CEPS AS, the Czech electricity-grid operator, said the pace of solar-power investment risks overloading the network and driving up prices for consumers.

Output from solar panels may overwhelm the grid by 2011 and plants may need to be temporarily disconnected to prevent blackouts, CEPS Chief Executive Officer Petr Zeman said today. Total solar capacity may reach 3,000 megawatts in 2015, six times last year’s level and about half the country’s off-peak consumption at summer weekends, the state-run company said.

“We warn investors that their investments might be at risk,” Zeman told a press conference in Prague. CEPS may have to start phasing out plants to prevent a grid overload in the summer of 2011, he said. “When the share of renewables exceeds 1,000 megawatts, the stability of the grid will be threatened and we’ll have to switch some sources off.”

Czech power producers receive the highest prices in Europe for solar energy, guaranteed by law at 12 koruna ($0.63) a kilowatt-hour, CEPS said.
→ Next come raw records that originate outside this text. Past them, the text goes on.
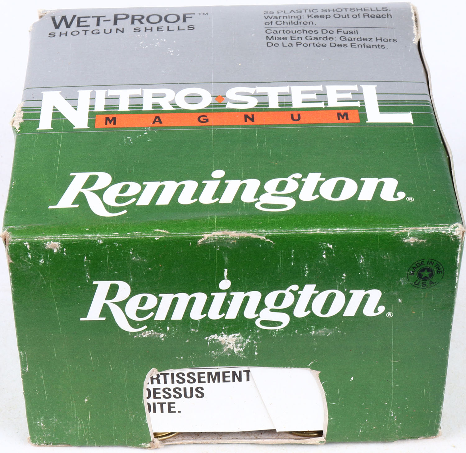 Remington, Nitro Steel Magnum, 12ga., 1pc., Full, shot size 2, multi-colored box, shells are excellent. Grade: Excellent - Value: 10 to 20
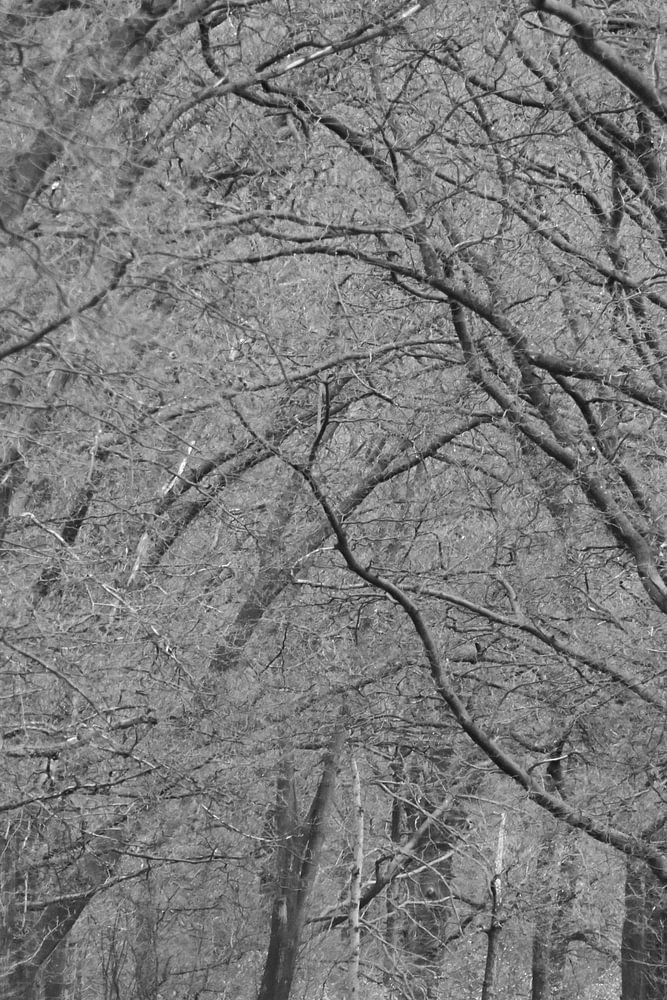 This picture made during a nice walk on the Hoge Veluwe in the Netherlands. Saw these special tree branches with a small hill in front of them. Made in the Netherlands. Recording in black and white
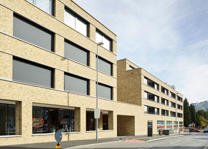 Das Wohn- und Geschäftshaus schliesst den Bahnhofplatz Richtung Osten ab und bildet zugleich den Auftakt zur Bahnhofstrasse. Dieser städtebaulich markanten Lage wird durch die volumetrische und funktionale Gliederung Rechnung getragen, basierend auf dem baurechtlich zugelassenen Spielraum: Einschnitte entlang der Bahnhofstrasse und der Bahnlinie erzeugen über dem durchgehenden Sockelgeschoss ein mäanderförmiges Volumen. Während die Büronutzung zum Platz orientiert ist, befinden sich die Wohnungen entlang der Strasse mit Blick zum östlich gelegenen Parkgrundstück. Die durchgängige Dachkote sowie die Materialisierung in hochwertigem Sichtmauerwerk verbindet die differenzierte Gebäudeform zu einem Ganzen und verleiht dem Neubau die gewünschte einheitliche Erscheinung.

A bill currently in parliament would cut the so-called feed-in tariff for new projects, which has led to a rush of applications from investors hoping to get permits under the existing conditions.

CEPS last week called on regional power distributors to stop issuing permits to new projects while it invests 5 billion koruna a year to boost grid capacity, Pravo newspaper reported on Feb. 11.

Consumer Price Risk

With solar feed-in tariffs about 10 times higher than the cost of power generation at nuclear plants run by state-owned CEZ AS, the solar boom also threatens to push up prices for consumers, according to CEPS board member Miroslav Vrba.

The Czech Wind Energy Association, or CSVE, rejected CEPS’s call for a cap on new renewable-power projects today, citing regulations that require investors to prove the network can accommodate their planned capacity before receiving a permit.

“The situation is not as critical as described” by the grid operator, Michal Janecek, CSVE’s chairman, said in an e- mailed statement before CEPS’s press conference. “CEPS is misleading the public.”

The Czech Republic needs to build more wind and solar-power plants to meet its target of producing 8 percent of electricity from renewable sources this year, CSVE said.